Introduction I/O is one of the main bottlenecks in HPC applications. Many applications or higher level libraries rely on MPI-I/O for doing parallel I/O. Several optimizations have been introduced in MPI-I/O to meet the needs of application – Non-blocking individual I/O – Different collective I/O algorithms
Motivation Routines for non-blocking individual I/O operations exist (MPI_File_i(read/write)(_at) Non-blocking point-to-point (existing) and collective (to be added) communication operations have demonstrated benefits. Split collective I/O operations have their restrictions and limitations. What’s keeping us from adding non-blocking collective I/O operations? – Implementation
Usecase (I) HDF5 operations that modify metadata: – Collective to keep the cache among all processes synchronized. – The Metadata cache uses an LRU eviction scheme. – Items at the bottom of the list are evicted in a collective write call to disk. The amount of data written is usually small (< 1KB). – Non blocking collective I/O would allow us to fire off those writes and go do other stuff avoiding the I/O overhead.
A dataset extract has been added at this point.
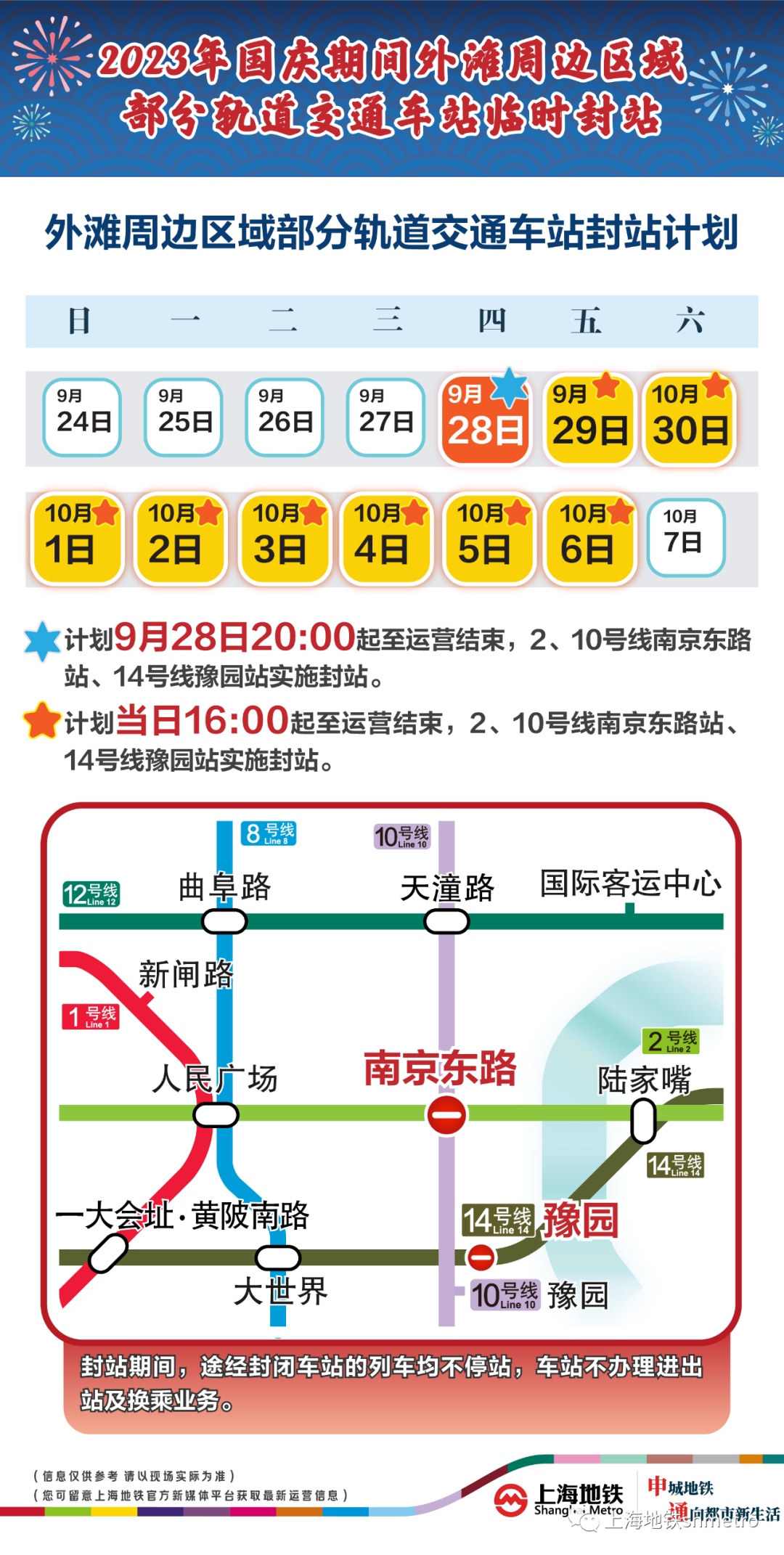 根据交通管制工作方案,9月28日20:00起至运营结束,9月29日至10月6日,每日16:00起至运营结束,地铁2、10号线南京东路站,14号线豫园站将计划实施封站跳停。封站时段内,在2、10号线南京东路站,14号线豫园站不能上下车,地铁站出入口也将同步关闭,乘客不能进出车站。届时,车站将加强站内广播宣传、导向设置、站台站厅秩序维护等工作。

Usecase (II) HDF5 Raw data operations: – Chunking data in file is a key optimization HDF5 uses for parallel I/O. – If HDF5 can detect a pattern in the way chunks are accessed, we can pre-fetch those chunks from disk. – Asynchronous I/O operations would hide the cost of I/O operations. Chunk cache for writes (currently disabled for parallel HDF5): – Similar concept to the metadata cache
New Routines MPI_File_iread_all (MPI_File fh, void *buf, int count, MPI_Datatype type, MPI_Request *req); MPI_File_iwrite_all (MPI_File fh, void *buf, int count, MPI_Datatype type, MPI_Request *req); MPI_File_iread_at_all (MPI_File fh, MPI_Offset offset, void *buf, int count, MPI_Datatype type, MPI_Request *req); MPI_File_iwrite_at_all (MPI_File fh, MPI_Offset offset, void *buf, int count, MPI_Datatype type, MPI_Request *req); Ordered read/write (add non blocking or deprecate ordered) Deprecate split collectives Straw Vote: 22 - 0 - 0
Challenges Major difference between collective communication and collective I/O operations: – Each process is allowed to provide different volumes of data to a collective I/O operation, without having knowledge on the data volumes provided by other processes. Collective I/O algorithms do aggregation.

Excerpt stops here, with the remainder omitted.